Size mismatch
The same error happens like this https://github.com/huggingface/autotrain-advanced/issues/487 when i'm trying to merge my adapter (finetuned LoRA model - https://huggingface.co/neighborwang/ModeliCo-7B) into the base model (Qwen2.5-Coder-7B-Instruct ).
RuntimeError: Error(s) in loading state_dict for PeftModelForCausalLM:
size mismatch for base_model.model.model.embed_tokens.weight:
copying a param with shape torch.Size([151665, 3584]) from checkpoint,
the shape in current model is torch.Size([152064, 3584]).

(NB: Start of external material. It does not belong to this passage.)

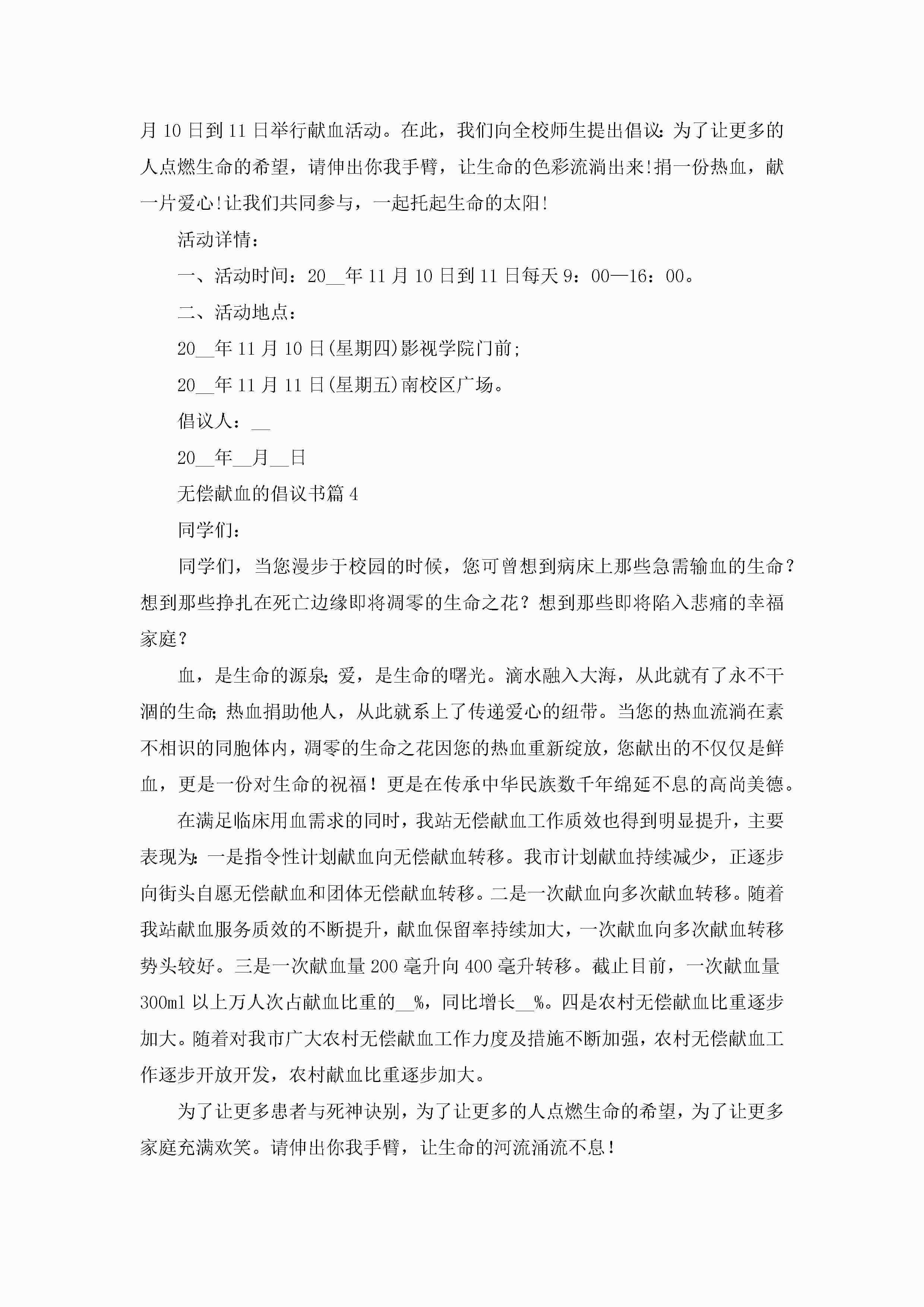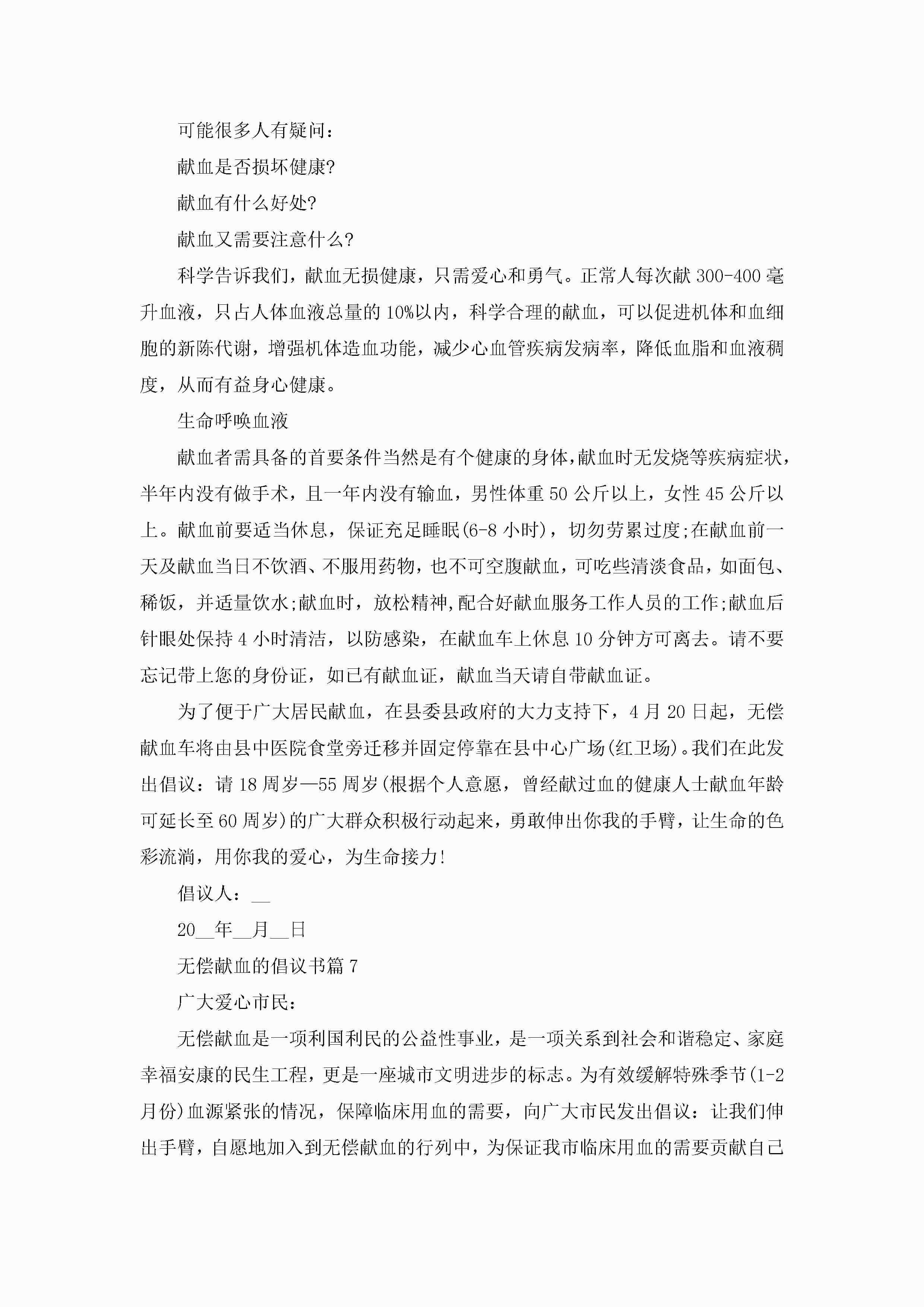 无偿献血的倡议书范文(7篇)jugei3月22日 16:29发布关注322 无偿献血的倡议书范文(7篇)此内容为付费资源,请付费后查看¥10.9 单篇文档限时特惠¥15个人会员开通企业会员开通立即下载无需登陆!可直接快捷下载单个模板付费资源© 版权声明THE ENDWord模板# 实用文档# 实用模板# 信函模板# 倡议书 如有问题,可点击最底部“联系我们”联系客服 分享QQ空间微博QQ好友海报分享复制链接收藏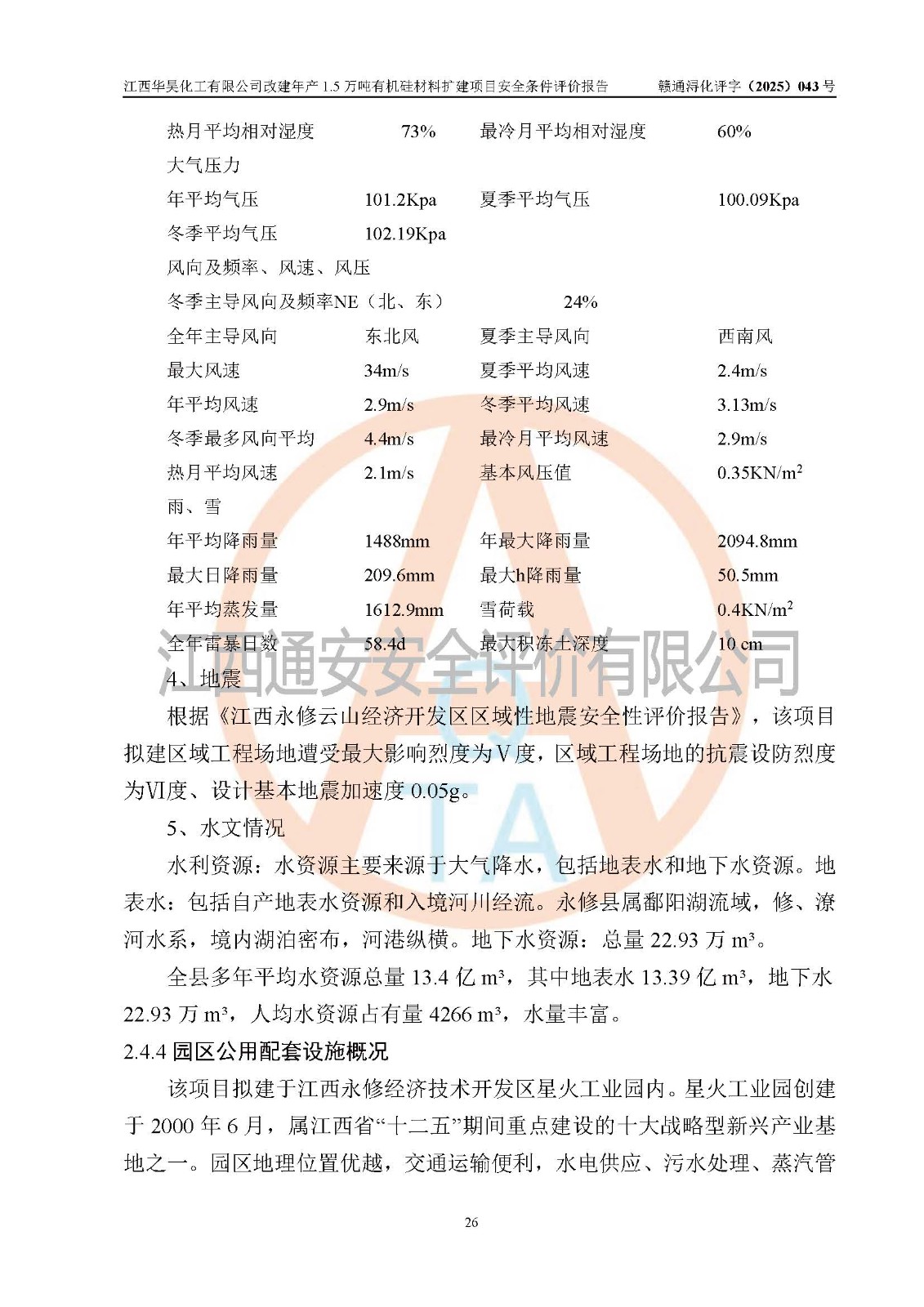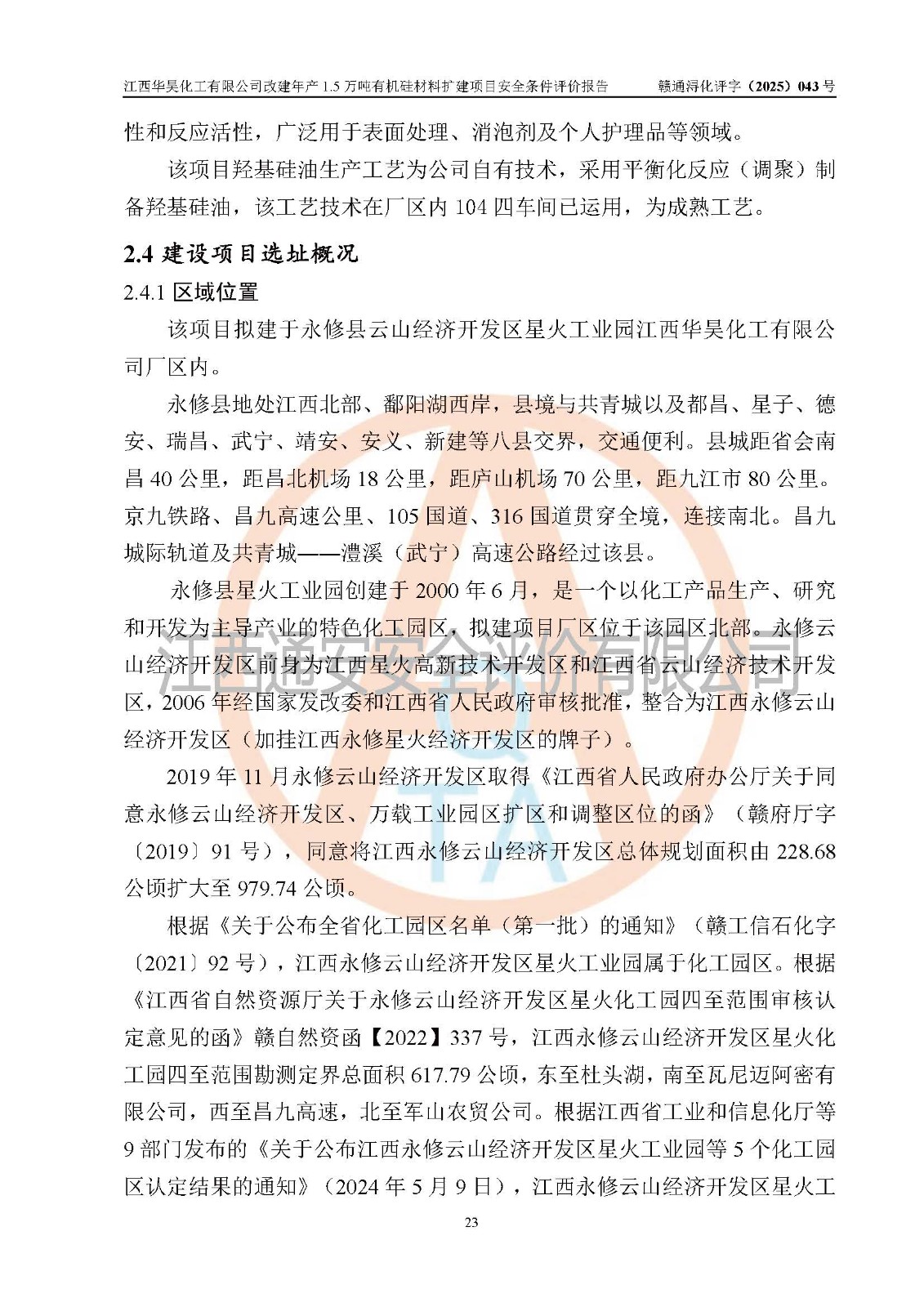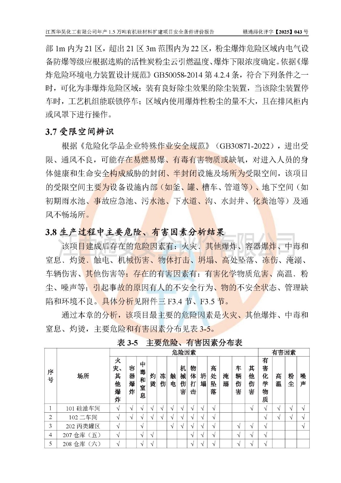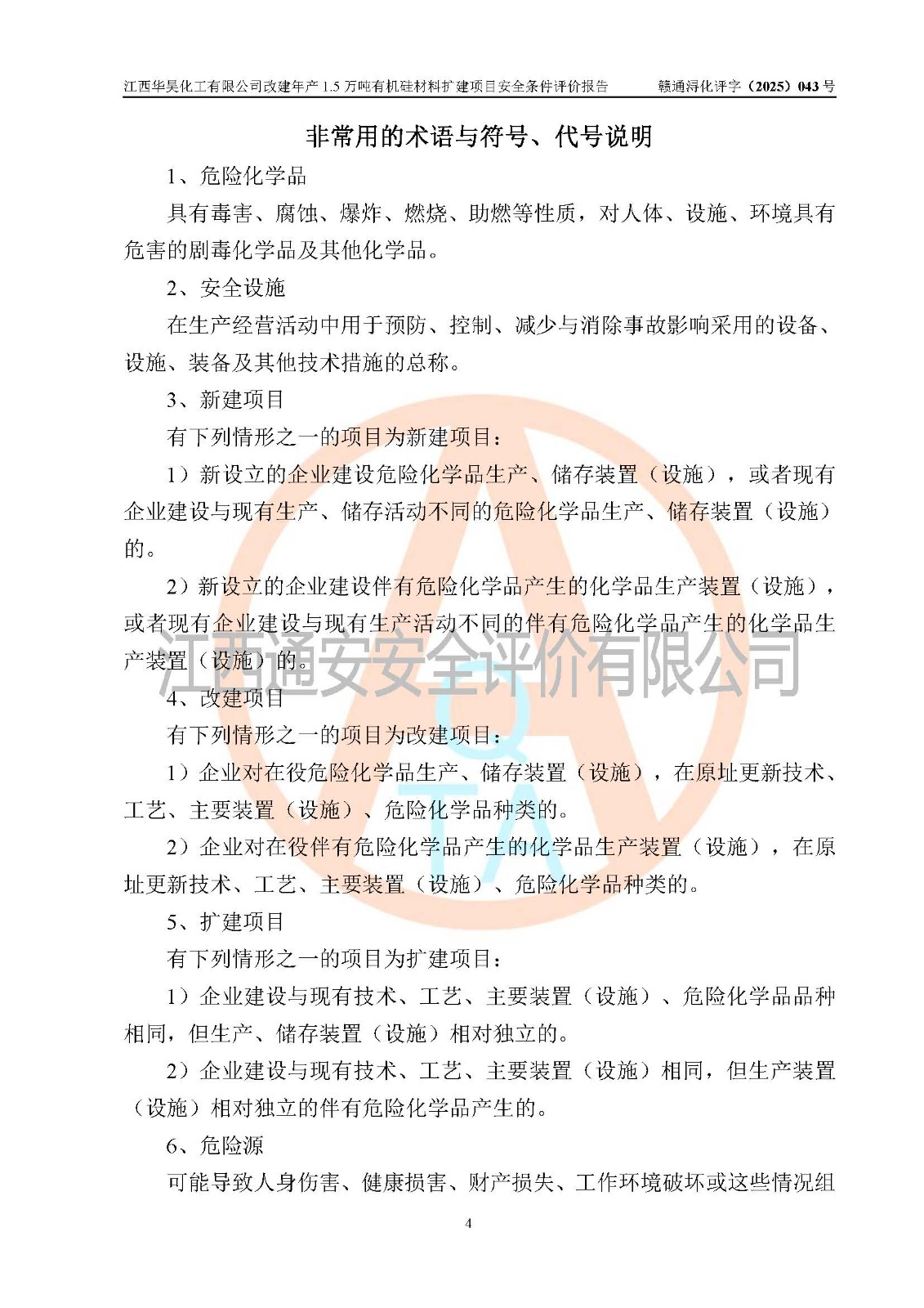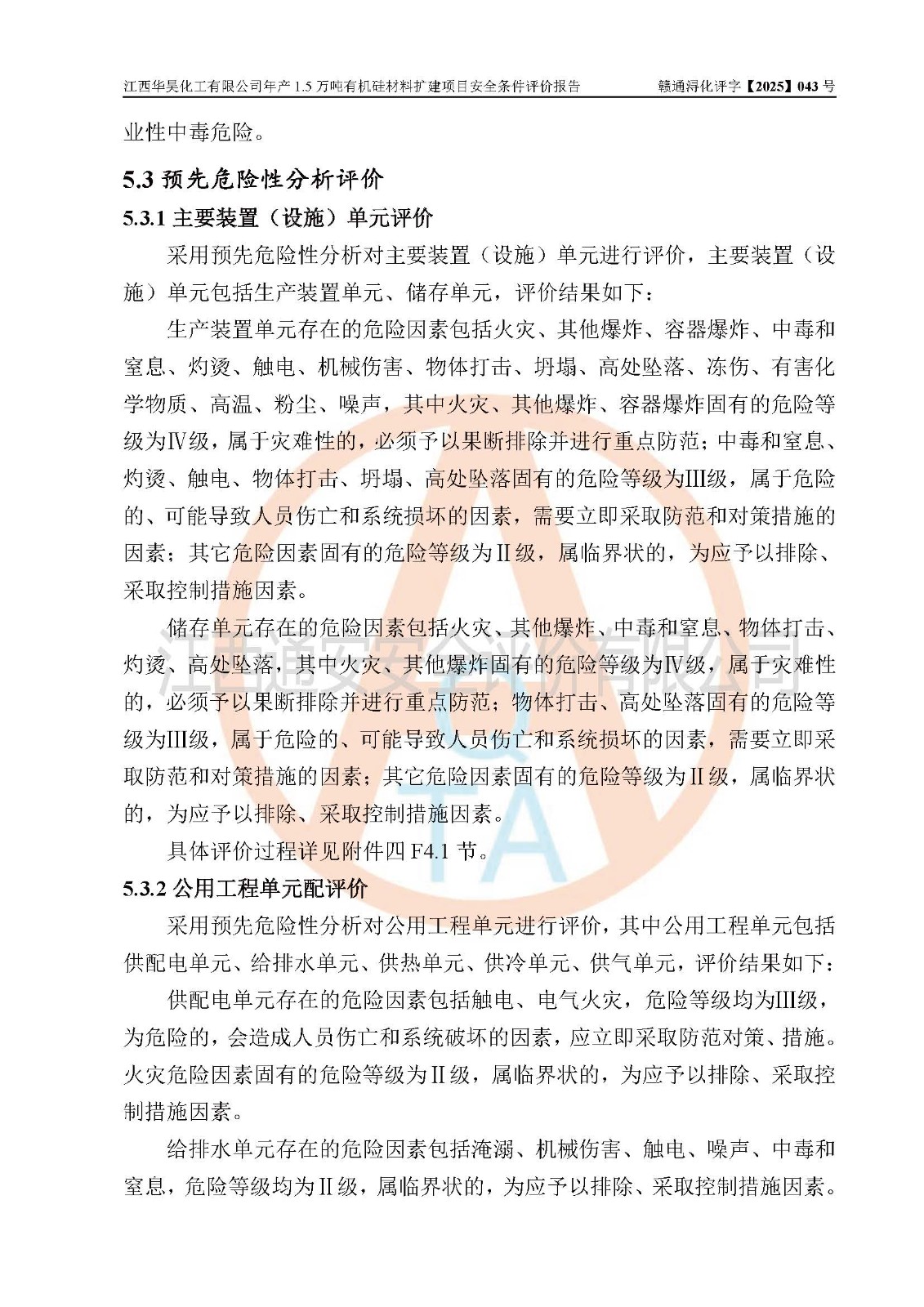 江西華昊化工有限公司是一家于2011年11月注冊成立的有限責任公司(自然人投資或控股),注冊地址位于永修縣云山經(jīng)濟開發(fā)區(qū)星火工業(yè)園星云大道旁,法定**人柴利兵,注冊資本1542萬元,經(jīng)營范圍包括許可項目和一般項目,許可項目為危險化學品生產(chǎn)、危險化學品經(jīng)營、貨物進出口、第二類醫(yī)療器械生產(chǎn),一般項目為合成材料制造(不含危險化學品)、合成材料銷售、第二類醫(yī)療器械銷售。 為滿足更大市場需求,同時解決企業(yè)原料及配套生產(chǎn)的需求,江西華昊化工有限公司擬投資5000萬元將廠區(qū)101硅油車間、102二車間原有項目改建為年產(chǎn)1.5萬噸有機硅材料擴建項目(以下簡稱“該項目”)。 該項目生產(chǎn)過程涉及的化學反應包括聚合(常壓)、水解、中和,涉及蒸餾、壓濾、流體輸送、熱交換、產(chǎn)品包裝等化工單元操作過程。該項目涉及的危險化學品包括四甲基氫氧化銨、氫氧化鉀、磷酸、30%氫氧化鈉溶液、六甲基二硅氧烷、乙醇、氯化氫、鹽酸、氮氣、DMC(二甲基環(huán)硅氧烷的混合物)、有機硅單體高沸物、**胺(廢氣組分)、甲醇(廢氣組分)、甲醚(廢氣組分),其中甲醇、甲醚屬于重點監(jiān)管的危險化學品,鹽酸屬于第三類易制毒化學品,乙醇、甲醇、甲醚屬于特別管控危險化學品,四甲基氫氧化銨、乙醇、**胺、甲醇、甲醚屬于第四類監(jiān)控化學品。該項目不涉及劇毒品、易制爆化學品、高毒物品,不涉及**、二、三類監(jiān)控化學品。 該項目不涉及重點監(jiān)管的典型危險化工工藝,生產(chǎn)單元、儲存單元不構成危險化學品重大危險源。 該項目副產(chǎn)品鹽酸、中間產(chǎn)品低粘度封頭劑(六甲基二硅氧烷)屬于危險化學品,該項目屬于危險化學品生產(chǎn)項目,依據(jù)《危險化學品生產(chǎn)企業(yè)安全生產(chǎn)許可證實施辦法》(**安全生產(chǎn)監(jiān)督管理總局令第41號,第79號、89號修改),項目需要辦理危險化學品安全生產(chǎn)許可證。 |

I faced the same issue with Llama 3.1 but i solved it use specific transformers
version, so I tried for my adapter and Qwen2.5-Coder-7B-Instruct
the following transformers
versions:
v4.45.1
v4.45.0
v4.44.0
v4.43.0
v4.37.0
But nothing works... I need some help. Also in the GitHub issue I mentioned above, other people are also facing this issue.
Thanks a lot in advance!
Hi, it appeared the the embed_tokens and the lm_head had different shapes from the base model. Please try padding the tensors from the adapter model manually or truncating the tensors from the base model.
FYI: the size of the vocabulary (151665) is different from the size of the embed_tokens and the lm_head (depending on the size of the model, for 7B, it is 152064, the vocab_size in the config.json). Normally, the size from the config.json is used.
Hi Xuancheng, thanks a lot for your answer!
I used AutoTrain, I think with that the parameters are supposed to be matched automatically. Is this a problem with AutoTrain? Or what was the reason of this mismatch?
Thx!
when using the merge_adapter
param to true
in AutoTrain, the model seems to be merging fine.
Ok, I will try, thank you very much Abhishek!